-- BRIEF --
Transcribe everything in the listing as written, and let no image into the copy.

-- DATA SEGMENT --
<<<<
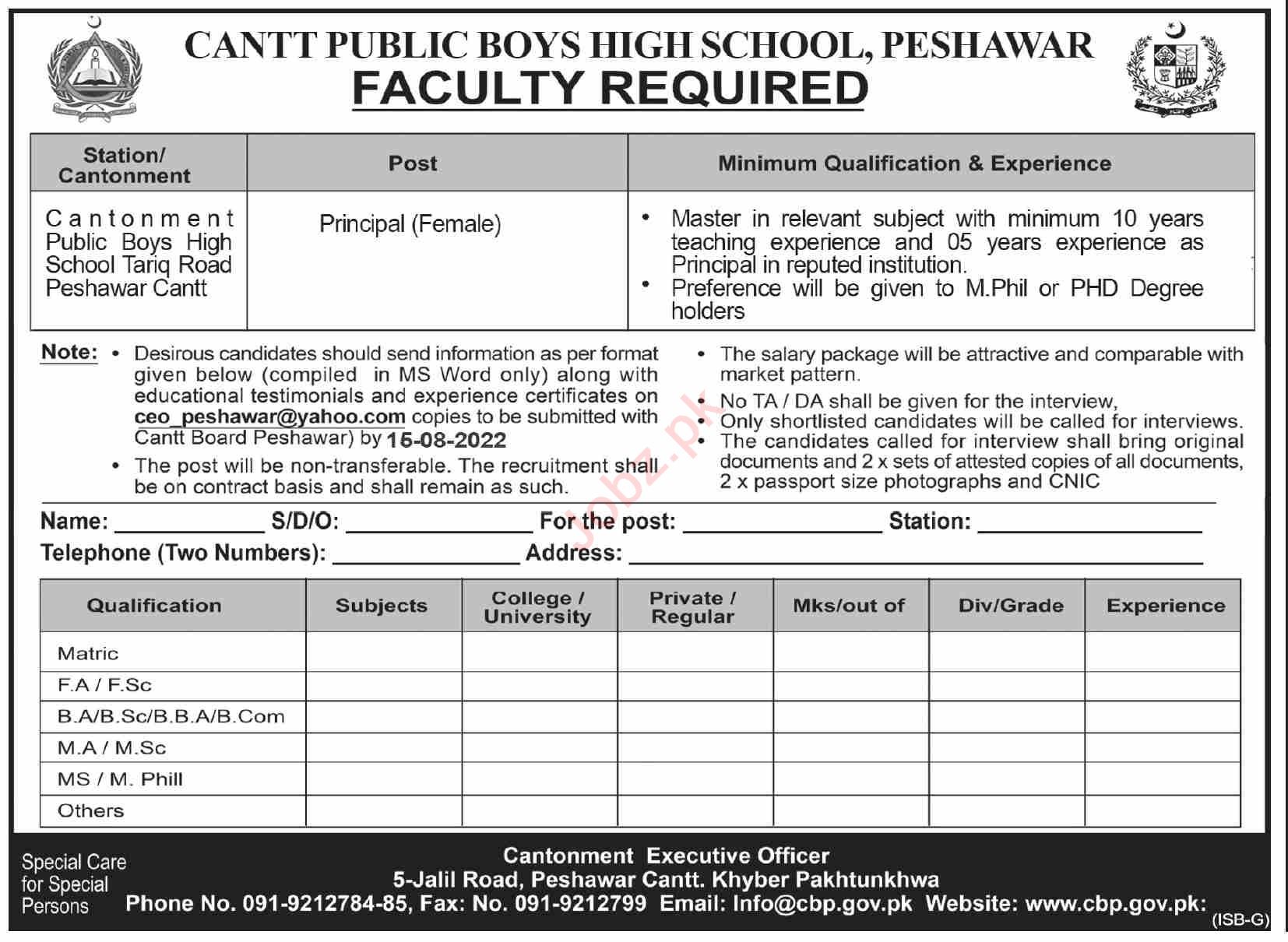 Cantt Public Boys High School, Cantonment Board CB invites applications for job positions advertised in daily Dawn dated 30 July 2022 for following vacancies in Peshawar, peshawar Khyber Pakhtunkhwa KPK Pakistan.
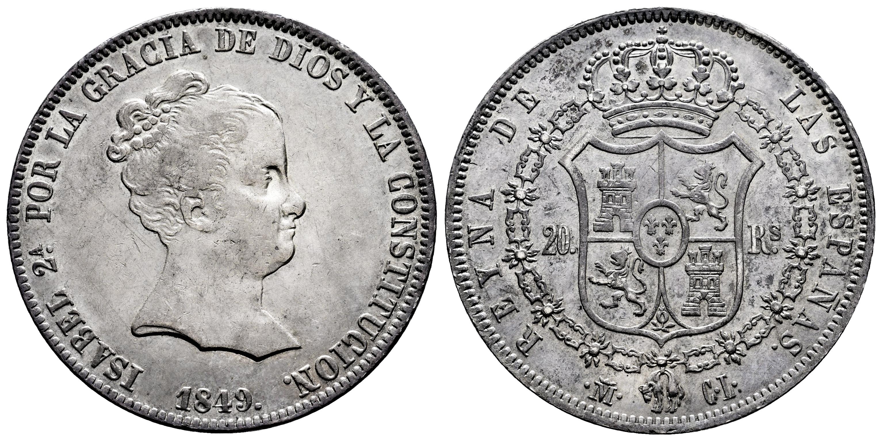 Isabel II (1833-1868). 20 reales. 1849. Madrid. CL. (Cal-588). Ag. 25,99 g. Suave tono e ínfimas rayitas. EBC-. Est...500,00.
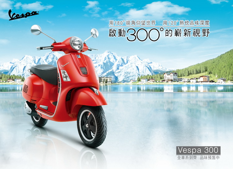 正值政府開放黃牌摩托車路權屆滿一年之際,基於上手容易、具高度便利性及機動性,俗稱大羊的黃牌大型速克達一直是車友們討論的熱門話題,在眾多廠牌中,由Vespa台灣總代理太古運通所引進的Vespa 300頂級旗艦車款更是車友們眼中的夢幻逸品。 為滿足眾多車友的不同需求,在總代理積極向原廠爭取之下,Vespa 300頂級旗艦車款由先前GTS 300ie Super、GTS 300ie Super Sport及GTV 300ie三個車型,加入了GTS 300ie都會入門車型及GTS 300ie Touring經典旅行車型。五款頂級旗艦車型一齊到位,完整滿足車友的深度品味。
>>>>
-- ANSWER BELOW --
 Cantt Public Boys High School, Cantonment Board CB invites applications for job positions advertised in daily Dawn dated 30 July 2022 for following vacancies in Peshawar, peshawar Khyber Pakhtunkhwa KPK Pakistan.
 Isabel II (1833-1868). 20 reales. 1849. Madrid. CL. (Cal-588). Ag. 25,99 g. Suave tono e ínfimas rayitas. EBC-. Est...500,00.
 正值政府開放黃牌摩托車路權屆滿一年之際,基於上手容易、具高度便利性及機動性,俗稱大羊的黃牌大型速克達一直是車友們討論的熱門話題,在眾多廠牌中,由Vespa台灣總代理太古運通所引進的Vespa 300頂級旗艦車款更是車友們眼中的夢幻逸品。 為滿足眾多車友的不同需求,在總代理積極向原廠爭取之下,Vespa 300頂級旗艦車款由先前GTS 300ie Super、GTS 300ie Super Sport及GTV 300ie三個車型,加入了GTS 300ie都會入門車型及GTS 300ie Touring經典旅行車型。五款頂級旗艦車型一齊到位,完整滿足車友的深度品味。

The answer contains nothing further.